The observation of intercalation-induced negative dR/dT in two different MXenes with two different intercalant species provides strong evidence that this is a general phenomenon. For sufficient levels of intercalation, the thermally activated inter-flake hopping process becomes the rate-limiting step for conduction through multi-layer samples. This extrinsic effect causes MXenes to display negative dR/dT regardless of their intrinsic electronic properties, as shown schematically in Fig. 2g.
Next, we consider Ti3CNTx intercalated with TBA+. With annealing, Ti3CNTx(TBA+) showed a larger total reduction in resistance than Ti3CNTx intercalated with only H2O and Li+ (Table 1 and Supplementary Figure 7), consistent with the increased effect of TBA+ intercalants. However, even after annealing at 750 °C, Ti3CNTx(TBA+) continued to display negative dR/dT, albeit with a reduced temperature-dependency (Supplementary Table 1). Given the previous demonstration of metallic intra-flake conduction in Ti3CNTx, we speculate that incomplete removal of TBA+ is responsible for the persistence of the semiconductor-like behavior. After annealing, the temperature-dependent resistance closely followed R∝T×exp(W/kT), which may be related to the inter-flake hopping mechanism (Supplementary Figure 7). It is presently unclear why annealing led to metallic conduction in Mo2TiC2Tx(TBA+) but not in Ti3CNTx(TBA+). This difference could be due to the surface Mo atoms of Mo2TiC2Tx affecting the release of TBA+ and/or the inter-flake hopping process.

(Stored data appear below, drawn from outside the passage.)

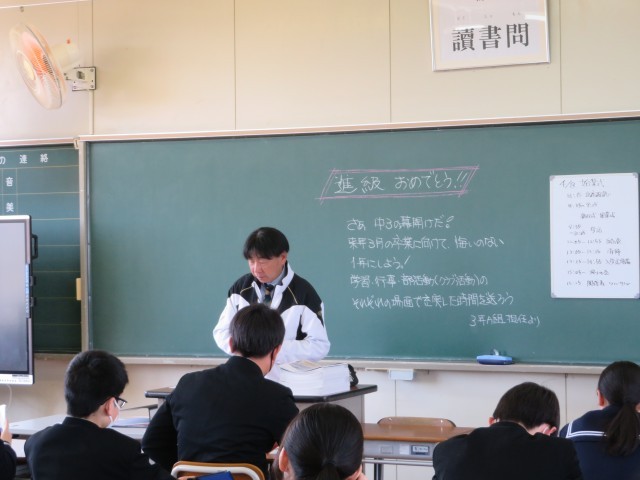 明日はいよいよ1年生が入学してきます。思いやりあふれるあたたかい蟹谷中学校を作っていきましょう。
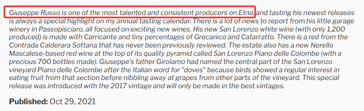Girolamo Russo酒庄由WS年度种植师Giuseppe Russo掌舵,其被WA大赞为Etna极有才华、品质极为稳定的酿酒师之一!
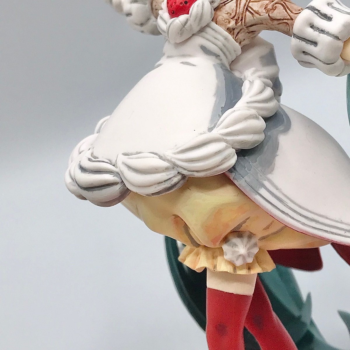 ドレス部分にも明確に強くシャドーを落とし込みことで立体感が増すのはもちろんのことですが、より色を強めにシャドーを表現してくださっていることで少しイラストチックにも見えるようになってる!またすべての造形の溝にしっかりと塗りこみをしてくださっていることで日本画で言う所の輪郭線のような印象を与えているので元のプライズよりもより印象的ですよね。
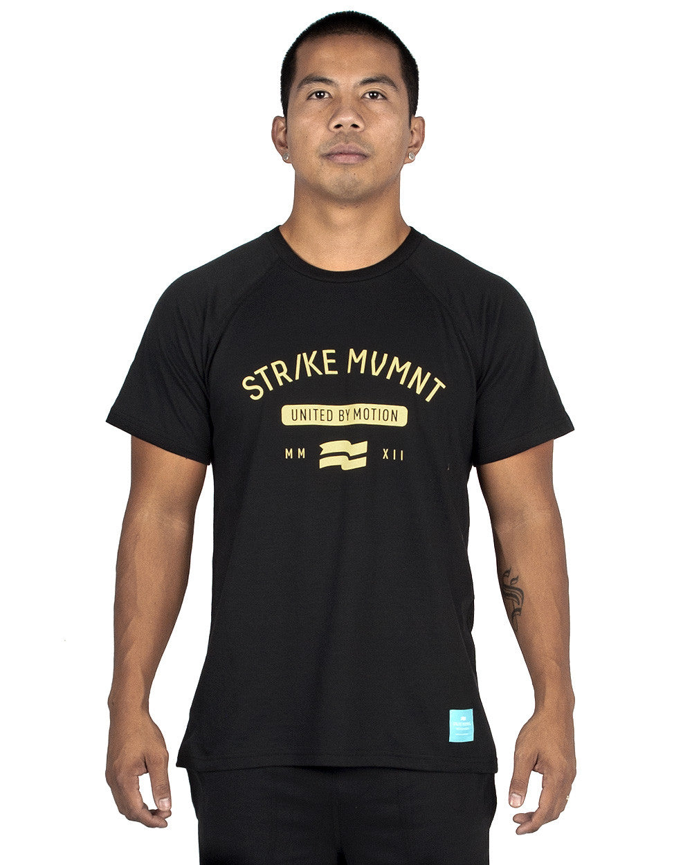 "United by Motion" woven label
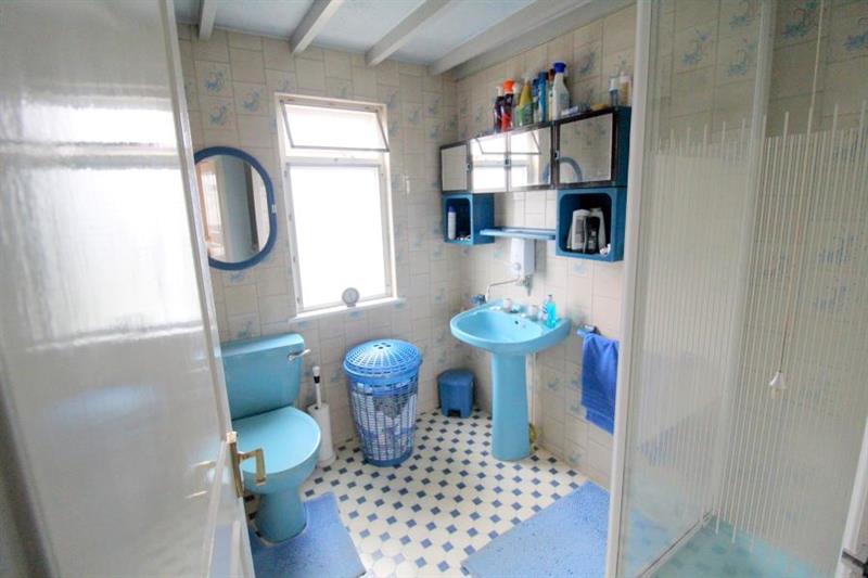 Rear aspect opaque window with secondary glazing. Shower cubicle with electric power shower. Pedestal hand wash basin and low level WC. Tiled walls.
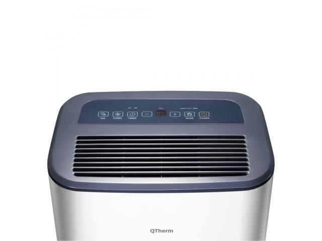 Ovaj kompaktni odvlaživač zraka zadovoljit će potrebe odvlaživanja u prostorijama do 44 m2. QTherm odvlaživač zraka TDR 16 WIVA opremljen je ionizatorom zraka koji čini zrak u prostoriji čistim i zdravim za udisanje. Za dodatni doprinos kvaliteti zraka u prostoriji pobrinut će se dvije vrste filtera: plastični perivi filter (filter protiv prašine) koji uz to što sprječava ulazak prašine u mehanizam, ujedno i smanjuje njezinu razinu u zraku i BIO HEPA filter koji pomaže u dodatnom filtriranju zraka protiv sitne prašine, peludi, prljavštine, bakterija, gljivica i ostalih sitnih čestica. Upravljanje uređajem je iznimno lako pomoću upravljačke ploče i jednostavnog prikaza razine vlage u prostoriji, a dodatnu mogućnost upravljanja i praćenje razine vlage moguće je putem Wi-Fi sučelja i pametnog telefona. U slučaju da zaboravite na uključen odvlaživač, ne morate se brinuti, jer će se sam ugasiti kada se spremnik vode kapaciteta 3L napuni do vrha, a za kontinuirani rad možete ga priključiti na cijev za odvod kondenzata.

After de-intercalation, vacuum annealing at higher temperatures led to surface de-functionalization and improved electronic conductivity. Initially, each sample had –OH, –F, and =O terminations in varying concentrations (Table 1). Based on DFT calculations, –OH should be the first species to desorb12,66, and for certain samples, TGA-MS data indicated the loss of –OH (m/e = 17) at ~375 °C (Fig. 2a). However, for the majority of TGA-MS measurements, the release of de-protonated H2O completely masked the signal of –OH loss (Supplementary Figure 4). De-functionalization of –OH was also difficult to detect with in situ EELS (Fig. 2b), which could be due to the electron beam transforming –OH groups into more stable =O terminations prior to EELS acquisition72. Conversely, the partial loss of –F and =O species were clearly identified. As such, we focus on the effects of –F and =O desorption; however, we stress that the release of these species indicates prior loss of less stable –OH groups12,66.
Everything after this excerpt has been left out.